背景
インドネシアでは、都市部から孤立した地方が経済の主流から取り残され、経済的な発展が遅れていることは以前から指摘されていた。「地方経済開発のためのパートナーシップ(KPEL)」の立案者は、自然な形で国内交易を促進・活性化するための慎重な投資を行うことによってこのような現状を改善できると分析した。つまり、市場開拓の機会を探り、特に既存の市場の外に販路を開くことにより、農村地域の生産者をその市場につなごうというアイデアである。KPELはこのアプローチを単なる農村と都市の連携から、参加型の計画・管理のプロセスを通じた生産者と供給者の連携に拡大した。
事業の目的は、初期段階で構築および試験導入したアプローチを基礎とし、インドネシアの地方および地域レベルの組織・制度の能力を高め、地方経済開発を促進するパートナーシップを構築できるよう支援することにある。また、地方および地域のパートナーシップを国または国際レベルの活動につなぐ国レベルのパートナーシップの構築も目指すものである。
成果
2003年の事業支援は地方および地域レベルのパートナーシップ構築を拡大し、新たな良い事例を文書化すると共に、外部機関による事業評価を通して得られた教訓の分析を行った。また、国および国際レベルの支援メカニズムを構築した。ランパンのコーヒー産業について文書化し、仲買人がマーケットに関する自分たちの知識を農民たちと共有することによって農民たちはより質の高い品物を生産できるようになり、その結果、商品の価値が高まることで仲買人にも農民にも相互利益をもたらした事例を紹介した。外部機関による評価は、このようなパートナーシップを通して仲買人も農民も「12段階のKPEL」のアプローチによって収入の増加や住環境の改善などの恩恵を受けていると結論づけている。

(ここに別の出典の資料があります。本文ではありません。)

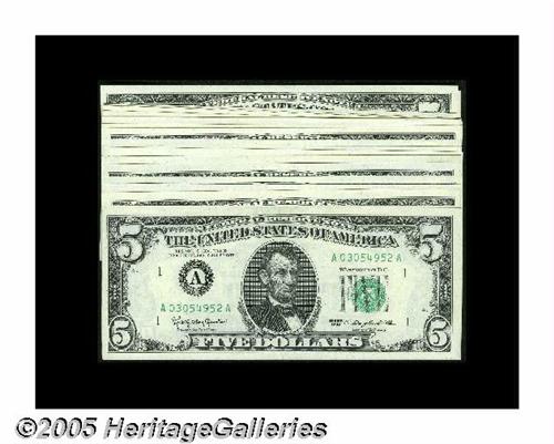 <B>Fr. 1967-A-L* $5 1963 Federal Reserve Notes. Complete Block Set with Stars. Choice Crisp Uncirculated or Better.</B></I><BR>This is an attractive complete set that was current from 1964-5. Richmond and Minneapolis did not issue any $5s for the 1963 Series. Also, this group contains a duplicate K-A example.<BR>

また、国レベルでは政府機関と仲買人および生産者組織のパートナーシップも構築された。この国レベルのパートナーシップについては、過去の事業支援によって構築された地方および地域のパートナーシップとの適切な組織的・制度的連携を探っている段階である。 2004年には地方および地域のパートナーシップについてさらに文書化を行い、国レベルへの支援も継続する予定である。